Flashback, "Whoaa, thats heavy dude!"


----------



## kitchenelf (Apr 19, 2008)

GW is going to line us up and give us each a good FWWWAAAAAP on the back of the head! 

Just remember GW - GB started it!


----------



## Uncle Bob (Apr 19, 2008)

GW....It sounds like a case of Pancake Withdrawal to me....suggest you move straight forth with all haste to the kitchen and whip up a quadruple stack....Also suggest you use Half & Half in the batter until such time your system can handle Heavy Cream!!

Blue Skies My Friend!!


----------



## Chief Longwind Of The North (Apr 19, 2008)

I just love thwappin' people on the back of the head.  Thwap, thwap, thwap, thwap, thwap, and thwap.  boy that was fun.  Haven't been able to thwap anyone since my kids grew up and moved out.

Think I'll go make some pancakes now and see if Andy's right.

Seeeeeeya; Goodweed of the North


----------



## Maverick2272 (Apr 19, 2008)

Ouch! Why you gotta hit so hard?? LOL

Have I ever told you I love your signature? DW even adopted it for her Outlook signature (giving you full credit of course!)


----------



## Chief Longwind Of The North (Apr 19, 2008)

Maverick2272 said:


> Ouch! Why you gotta hit so hard?? LOL
> 
> Have I ever told you I love your signature? DW even adopted it for her Outlook signature (giving you full credit of course!)



Ah, that was a love tap.  And as for the signature, I can't take the credit.  It was coined by a leader in my Church back in the 50's or 60's.  I wish I had his wisdom.

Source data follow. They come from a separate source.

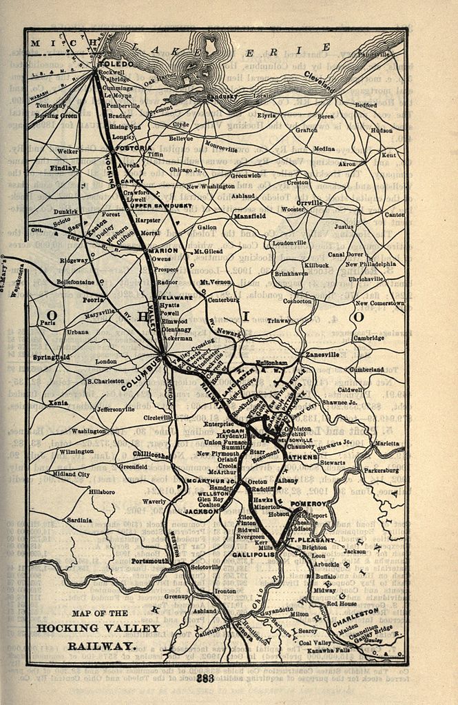 The earliest predecessor of the Hocking Valley was the Mineral Railroad, incorporated in April 1864 to build from Athens in the rich Hocking Valley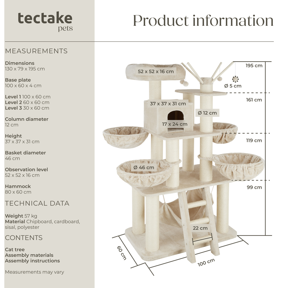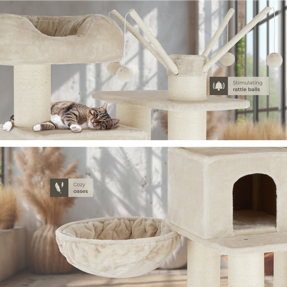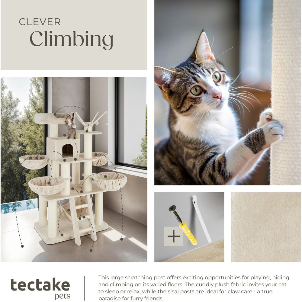 Solid cat tree from tectake is a plush climbing paradise that offers cats of all sizes three levels to explore and enjoy. The rattling ball toys promise fun and excitement, while the hanging beds and hammock are an ideal place for your pet to relax and hang out. Each individual thick post is covered in durable sisal, which is just perfect for sharpening claws, giving other items of furniture a much-needed break from the scratching! Your cat or kitten will love to explore the many levels and areas of this tower and find their favourite scratcher to get stuck into. This activity centre has thicker posts and larger beds than other cat trees, making it suitable for larger cats too. Exceptional durability and stability make this cat tree from tectake stand out - the perfect choice for adventurous house cats. Give your pet the ultimate playground with a large cat tree designed for endless fun and relaxation. Featuring multiple scratching posts, cosy beds, and engaging toys, this cat tree is perfect for keeping your cat active and entertained. With elevated platforms offering a perfect view, your furry friend will love their new favourite spot. Ideal for pets of all sizes, these trees provide the perfect combination of comfort and play.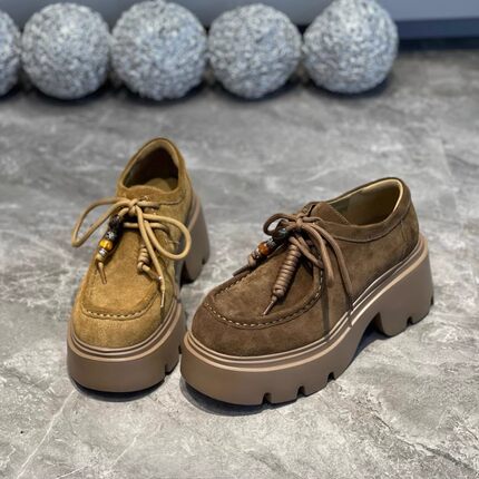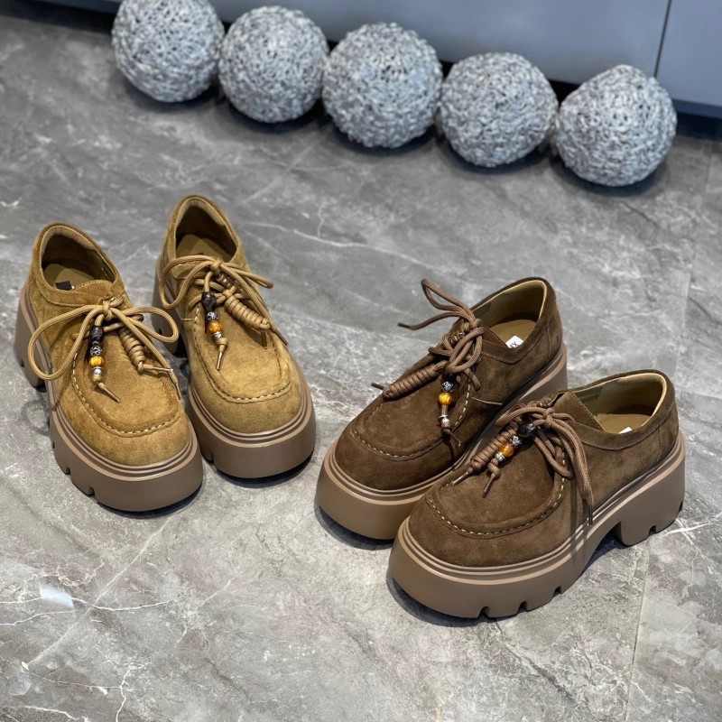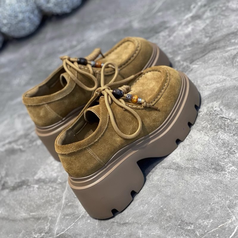 欧洲站2025秋新款松糕厚底复古风小个子袋鼠鞋增高8cm小皮鞋单鞋
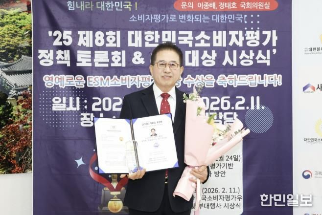 한민일보 서울포커스 곽중희 기자 | 지난 11일, 국회 도서관에서 열린 2026 제8회 ESM대한민국소비자평가우수대상 정책토론회 및 시상식에서 광주시의회 허경행 의장이 지방자치/행정 부문 대상을 수상했다.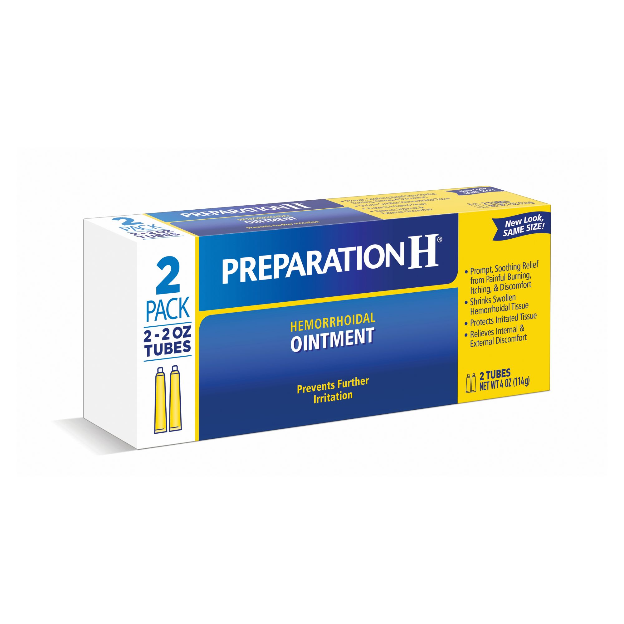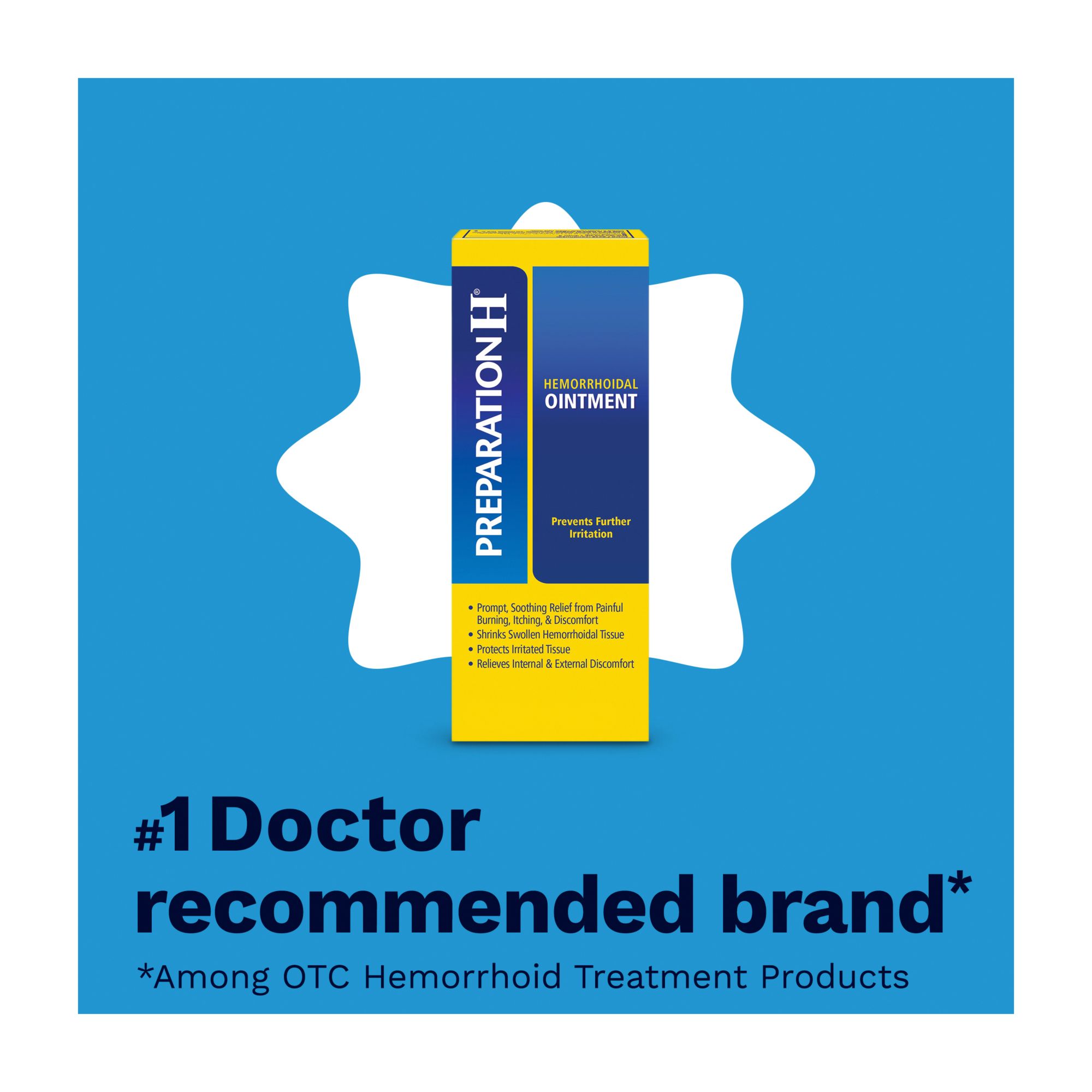 Is bum discomfort affecting your daily routine? Preparation H hemorrhoidal ointment relieves both internal and external hemorrhoid symptoms. Apply up to four times daily, especially at night, in the morning, and after each bowel movement, for prompt, soothing relief from hemorrhoid itching, burning and discomfort. Preparation H Ointment temporarily shrinks swollen hemorrhoidal tissue and also provides a soothing layer of protection against further skin irritation, so you can go about your day comfortably. Hemorrhoids are more common than you may think. A few of the most prevalent causes of hemorrhoid flare-ups are straining when using the bathroom, pregnancy or childbirth, and genetics. Symptoms vary from person to person and can include anus itching, pain or discomfort. Trust Preparation H, the #1 selling hemorrhoid brand (1), to relieve your uncomfortable symptoms of hemorrhoids. And for better relief, add Preparation H Medicated Wipes to cool, soothe and cleanse before treating with Preparation H Ointment. NET WT 2 OZ (57g) (1) IRI retail sales data supports that Preparation H is the #1 selling hemorrhoid brand in the U.S. (52 weeks ending August 13, 2017). (2) Provoice survey dated from May 2015-August 2017 supports Preparation H is the #1 doctor recommend brand.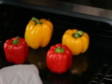 2.将灯笼椒放在烤盘上上,淋少许橄榄油,放入烤箱烤30-35分钟,直至表皮变黑。
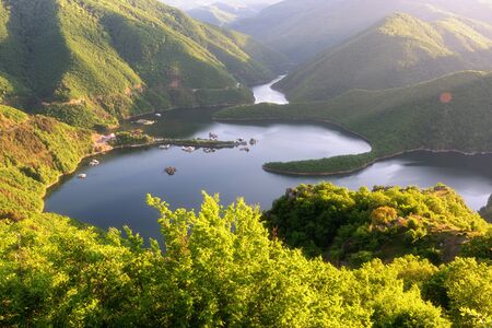 Amazing Spring landscape of Meander of Vacha Reservoir, Rhodopes Mountain, Bulgaria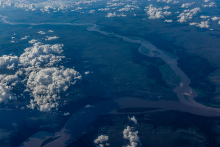 Manaus, Amazonas, Brazil: Top view of the river. Beautiful landscape from the window of the airplane.

Seeeeeeya; Goodweed of the North


----------



## Maverick2272 (Apr 19, 2008)

Ahh, a Fisher of Men....

Just for the record, I always thought heavy whipping cream meant it was, well, thicker and heavier while light meant it was light and fluffy.
This is what not thinking gets me, LOL.


----------



## miniman (Apr 19, 2008)

Does heavy whipping cream just hurt more?


----------



## KitchenScrapbook (Apr 19, 2008)

This is so hilarious! I don't usually laugh when i'm by myself at the computer, but it struck my funny bone when I read thro' your first post, Goodweed!    Then, the comments after that only added to the humor. 

Maybe it's called 'heavy' because it has more calories and you'll get heavier. Whereas, if you're into losing weight, try the 'lighter' version of cream. Haha.


----------